The most exciting of the implementations from my perspective as a corporate archivist and one which I believe warrants close scrutiny is the Philadelphia Electronic Records Project (PERP). PERP is funded by NHPRC for two years to promulgate municipal standards and exercise control over electronic records and electronic record systems created by the City of Philadelphia. It has been linked into the City's concentrated effort to use information technology to streamline service delivery. The project is overseen by a specially appointed Electronic Records Manager and a co-operative working group, the Electronic Records Group (ERG), which comprises IT, MIS and Records Management staff. The first phase of the project involved "the adaptation of the Pittsburgh Business Acceptable Communications (BAC) model, to specify 'built-in' recordkeeping metadata functionality for a new, paperless, human resource information system (HRIS) for the City's Personnel Department". 27 The ERG specifically designed recordkeeping metadata functionality that will be incorporated into the new HRIS. This specification was included in the RFP for the system and includes a listing of the record-generating transactions, a description of the adapted BAC model, and describes the functioning of a metadata object management system (MOMS), necessary to capture the metadata encapsulated objects or electronic records. MOMS will be an internal software module of HRIS to oversee the creation, security and automated deletion of electronic record objects. 28 After the system has been implemented and the performance evaluated it is planned to issue the metadata requirements as a City-wide Standard for all new, litigation-prone municipal electronic information systems. This will be a project to watch.

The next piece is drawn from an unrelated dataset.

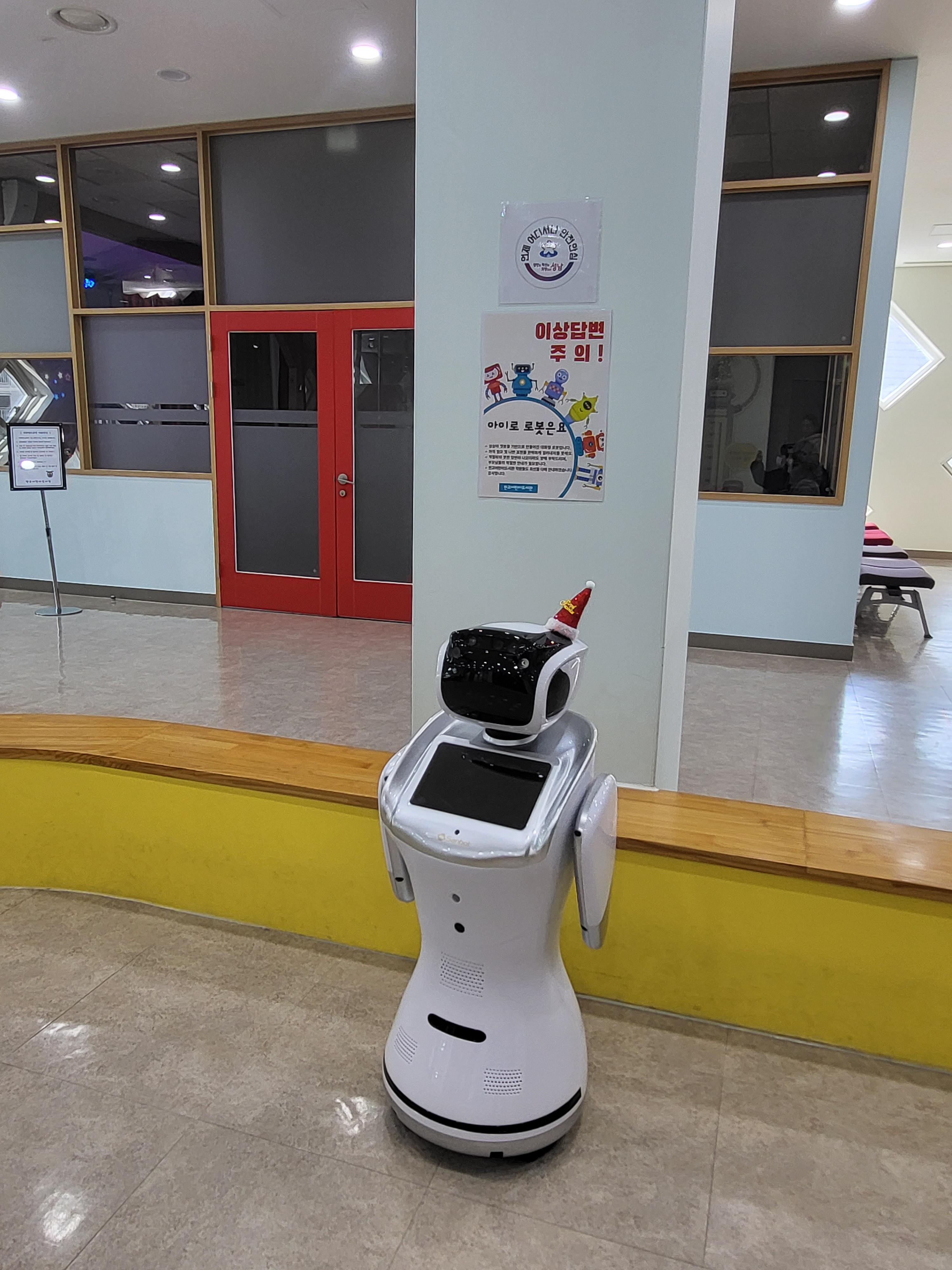 먼저 아이로 로봇은 머리나 손을 살짝 터치하면 반응을 하고 말을 해요. 자세한 대화는 안되지만 이름이나 그곳의 위치 정도는 정확히 말하더라고요. 많은 대화는 아이로 로봇에게 이상답변을 불러일으키니 잠시만 이용했어요.

In addition to the section in the Report of the February Experts Meeting, a detailed report of the first stage of the Philadelphia Electronic Records Project and its other goals is available on the Pitt Web Server, which will be used as a clearing house for access to reports and products of projects such as this.

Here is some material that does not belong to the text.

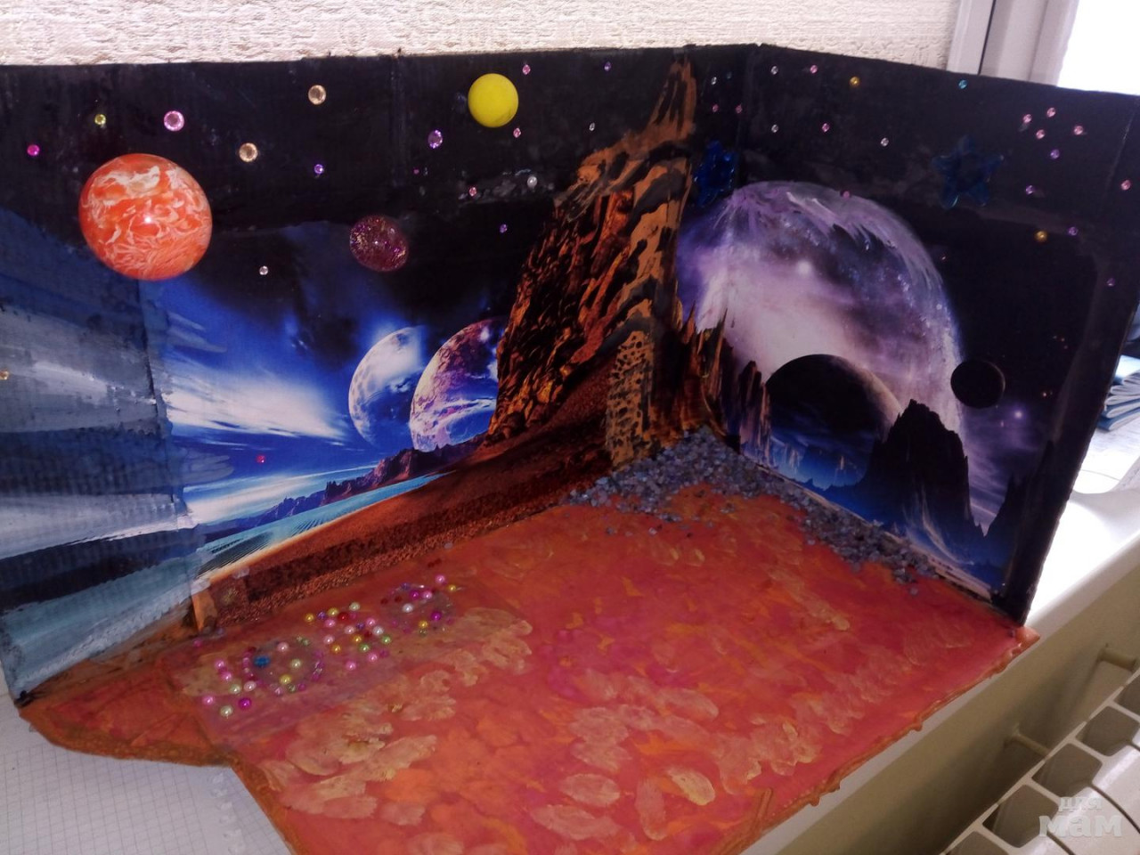 Нашла в инете 2 похожие картинки, распечатала и приклеела. Где не хватило- фон подрисовала. Мячики -попрыгунчики выступили в виде планет(на саморезах). Блестяшки из Фикс прайса-звезды.

The implementation at the Vermont State Archives was designed to take advantage of an on-going effort to re-engineer government services, known as the Vermont Information Strategy Plan (VISP), which viewed government as having a single mission supported by seven high level business areas that were common across structural lines. Under the high level business area "Government Support Operations", is the business function "Manage Information". Responsible recordkeeping is, as we have emphasised in this country, not exclusively a support function but is an essential democratic accountability requiring support from the decision-making level of government. The recognition of this resulted in "Accountability" being added to the functional area of VISP business area "Policy and Planning". The addition of "accountability" and its decomposition into distinct functions and activities provided the overall framework for the project and recordkeeping became its focus. This shift away from the records themselves to recordkeeping is a major re-orientation for a US agency and requires a significant mindset change for our US colleagues, as indeed it may still for some in this country. 29 Further details on this project will also be available from the Pitt web site. My inspiration from reading of the Vermont Project was tempered somewhat after communicating with Harold Thiele, the Electronic Records Archivist at Vermont State Archives, who advised, "Our theoretical work has had a difficult time being translated into political reality. Unlike Australia, Vermont does not have a unified public records and archives act ..... with responsibility for public records divided amongst several agencies answering to different constitutional officers." 30 Thiele recounted the largely unsuccessful efforts of the State Archives to have what we call a recordkeeping mission accepted. He goes on to add that, notwithstanding, the Archives has now basically regrouped and has set about producing "draft" technical bulletins dealing with various areas of electronic records management and is now going the route of developing partnerships with various agencies that can issue policy or make recommendations that support their efforts, including the state's information resource management committee. 31

Another Pittsburgh implementation is the Indiana University Electronic Records Project which can be regarded as a test site for the ideas and concepts regarding functional analysis, functional requirements, and the critical role of metadata. 32 Full details of this project are available from the Indiana University web site. 33 There isn't time here to go into details on the other projects, for example at The World Bank, 34 which are implementing the products of the Pittsburgh project, but I urge you to absorb the reports available on these.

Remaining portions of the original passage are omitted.